WHAT THE TASK ASKS: Only the lines below from the one with "A screenshot of" through the one with "O 2º decêndio" are to be written out, exactly and without any images.

DATA TO PROCESS:
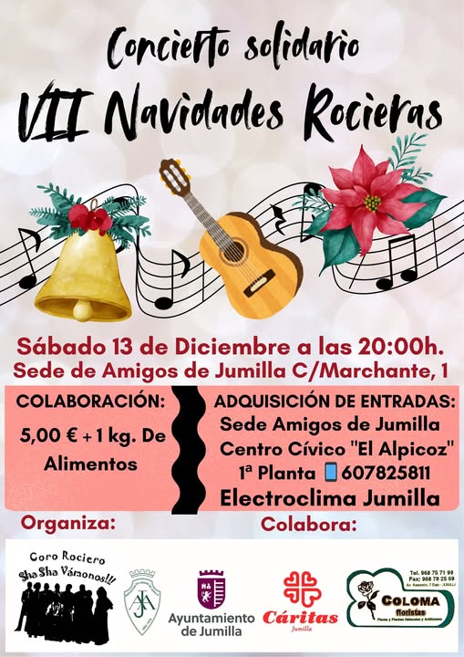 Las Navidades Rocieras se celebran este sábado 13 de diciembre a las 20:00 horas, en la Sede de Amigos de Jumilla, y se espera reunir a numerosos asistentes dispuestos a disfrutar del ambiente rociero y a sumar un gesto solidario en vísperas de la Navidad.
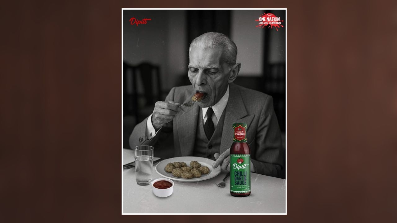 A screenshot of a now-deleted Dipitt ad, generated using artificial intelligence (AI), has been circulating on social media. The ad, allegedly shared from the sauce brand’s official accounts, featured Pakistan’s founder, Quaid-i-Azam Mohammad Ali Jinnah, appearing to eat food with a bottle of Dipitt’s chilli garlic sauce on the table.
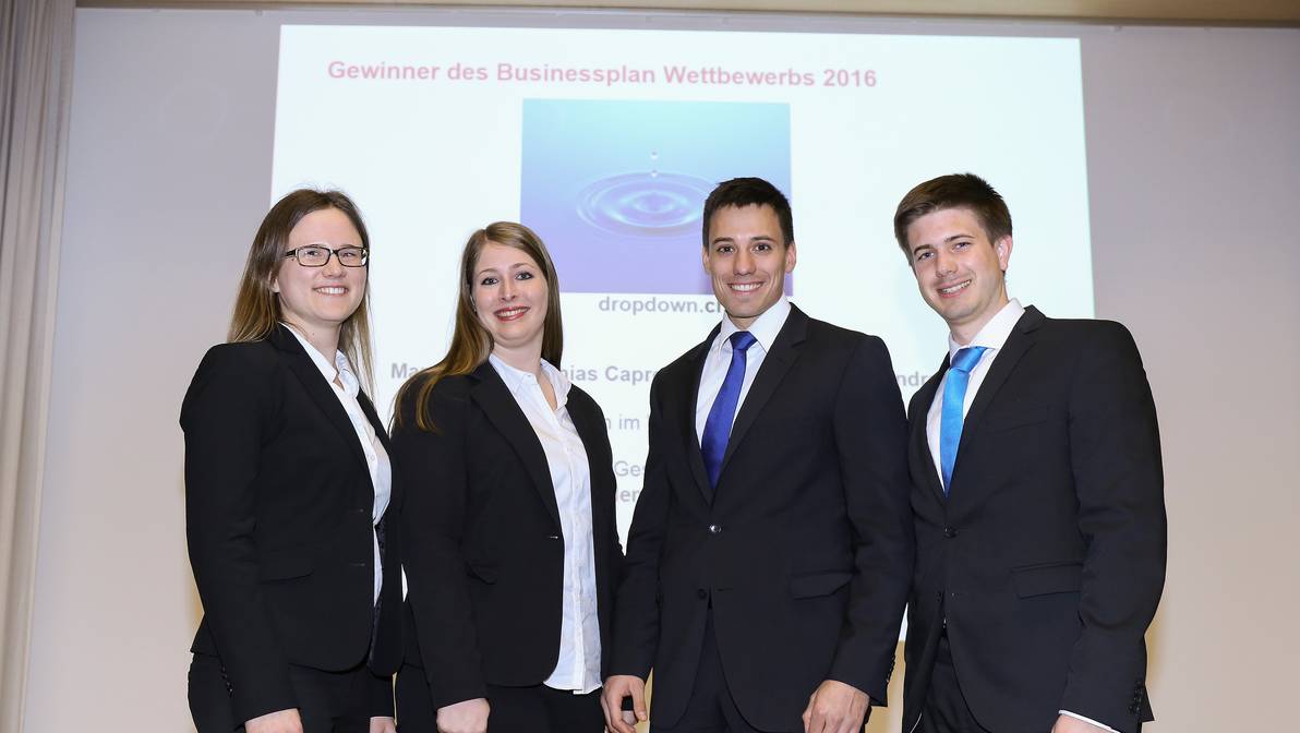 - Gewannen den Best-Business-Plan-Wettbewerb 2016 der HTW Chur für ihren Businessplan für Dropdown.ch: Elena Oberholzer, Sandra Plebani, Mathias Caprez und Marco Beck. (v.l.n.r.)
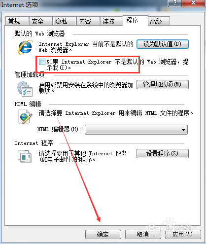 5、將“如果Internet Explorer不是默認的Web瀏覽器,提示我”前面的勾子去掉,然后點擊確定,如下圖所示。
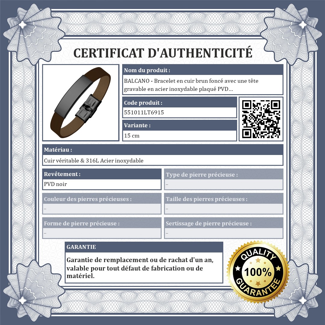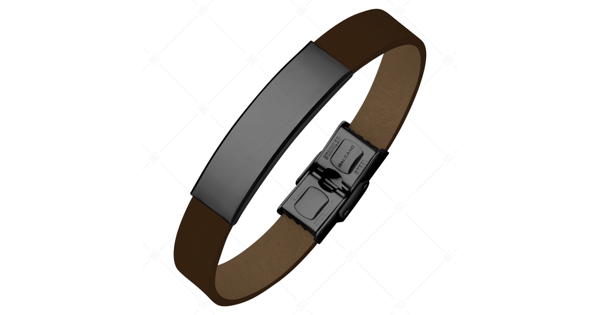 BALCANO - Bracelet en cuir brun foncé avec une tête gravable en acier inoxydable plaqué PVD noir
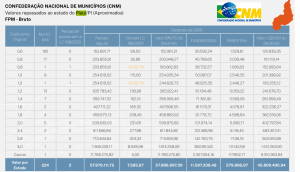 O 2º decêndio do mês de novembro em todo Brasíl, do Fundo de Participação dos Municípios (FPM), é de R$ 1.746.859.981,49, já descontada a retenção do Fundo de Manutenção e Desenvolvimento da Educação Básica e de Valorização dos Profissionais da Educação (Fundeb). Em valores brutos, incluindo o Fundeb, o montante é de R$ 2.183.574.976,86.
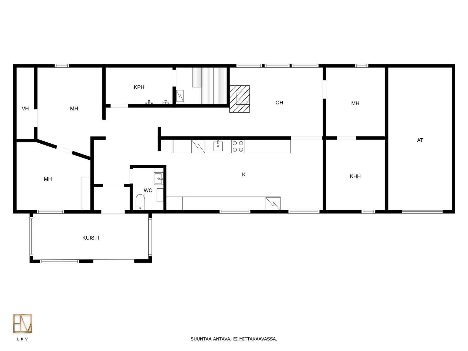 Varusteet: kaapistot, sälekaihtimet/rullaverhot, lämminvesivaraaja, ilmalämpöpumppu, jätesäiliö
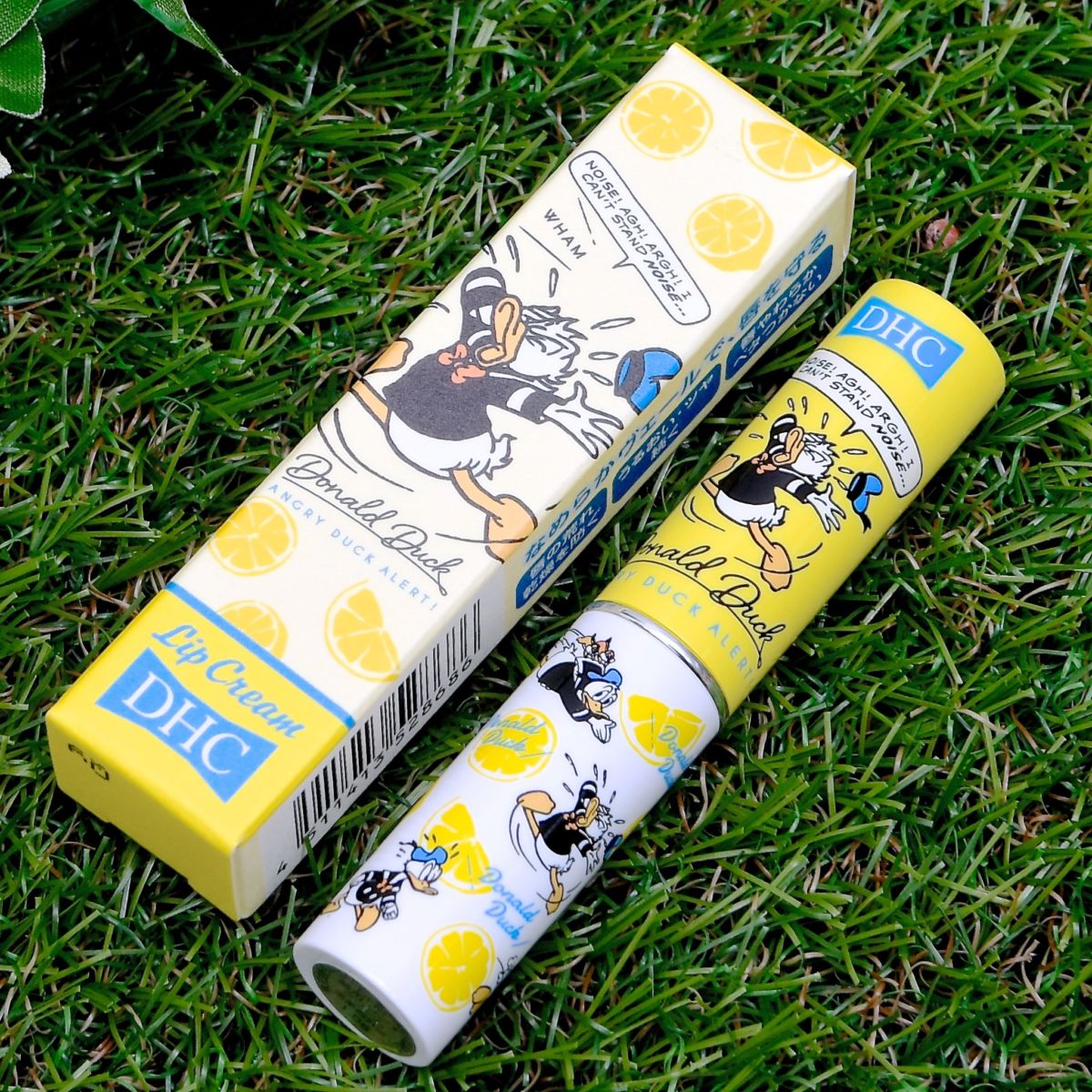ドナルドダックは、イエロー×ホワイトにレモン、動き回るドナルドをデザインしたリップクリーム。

COMPLETED EXERCISE:
 A screenshot of a now-deleted Dipitt ad, generated using artificial intelligence (AI), has been circulating on social media. The ad, allegedly shared from the sauce brand’s official accounts, featured Pakistan’s founder, Quaid-i-Azam Mohammad Ali Jinnah, appearing to eat food with a bottle of Dipitt’s chilli garlic sauce on the table.
 - Gewannen den Best-Business-Plan-Wettbewerb 2016 der HTW Chur für ihren Businessplan für Dropdown.ch: Elena Oberholzer, Sandra Plebani, Mathias Caprez und Marco Beck. (v.l.n.r.)
 5、將“如果Internet Explorer不是默認的Web瀏覽器,提示我”前面的勾子去掉,然后點擊確定,如下圖所示。
 BALCANO - Bracelet en cuir brun foncé avec une tête gravable en acier inoxydable plaqué PVD noir
 O 2º decêndio do mês de novembro em todo Brasíl, do Fundo de Participação dos Municípios (FPM), é de R$ 1.746.859.981,49, já descontada a retenção do Fundo de Manutenção e Desenvolvimento da Educação Básica e de Valorização dos Profissionais da Educação (Fundeb). Em valores brutos, incluindo o Fundeb, o montante é de R$ 2.183.574.976,86.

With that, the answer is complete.